--- Records supplied Enclosed Below ---

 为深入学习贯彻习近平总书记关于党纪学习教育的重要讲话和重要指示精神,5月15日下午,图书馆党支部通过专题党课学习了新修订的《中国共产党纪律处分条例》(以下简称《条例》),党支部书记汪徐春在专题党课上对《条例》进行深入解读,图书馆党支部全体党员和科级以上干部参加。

--- End of Enclosed Records supplied ---
--- Records supplied Enclosed Below ---

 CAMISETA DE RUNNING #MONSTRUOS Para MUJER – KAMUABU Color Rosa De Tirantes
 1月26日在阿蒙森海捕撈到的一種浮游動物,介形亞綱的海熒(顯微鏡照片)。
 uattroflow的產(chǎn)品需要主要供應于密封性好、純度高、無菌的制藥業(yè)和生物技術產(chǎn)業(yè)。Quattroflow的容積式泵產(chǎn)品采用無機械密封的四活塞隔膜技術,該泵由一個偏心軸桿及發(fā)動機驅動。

--- End of Enclosed Records supplied ---
--- Records supplied Enclosed Below ---

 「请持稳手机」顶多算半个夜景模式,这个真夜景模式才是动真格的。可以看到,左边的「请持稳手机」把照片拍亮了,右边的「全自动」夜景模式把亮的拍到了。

--- End of Enclosed Records supplied ---

> **What is required**: Repeat exactly the lines above from the one with "1月26日在阿蒙森海捕撈到的一種浮游動物,介形亞綱的海熒(顯微鏡照片)。" up to and including the one with "uattroflow的產(c". No other line belongs in the reply.

> **Answer below**:
 1月26日在阿蒙森海捕撈到的一種浮游動物,介形亞綱的海熒(顯微鏡照片)。
 uattroflow的產(chǎn)品需要主要供應于密封性好、純度高、無菌的制藥業(yè)和生物技術產(chǎn)業(yè)。Quattroflow的容積式泵產(chǎn)品采用無機械密封的四活塞隔膜技術,該泵由一個偏心軸桿及發(fā)動機驅動。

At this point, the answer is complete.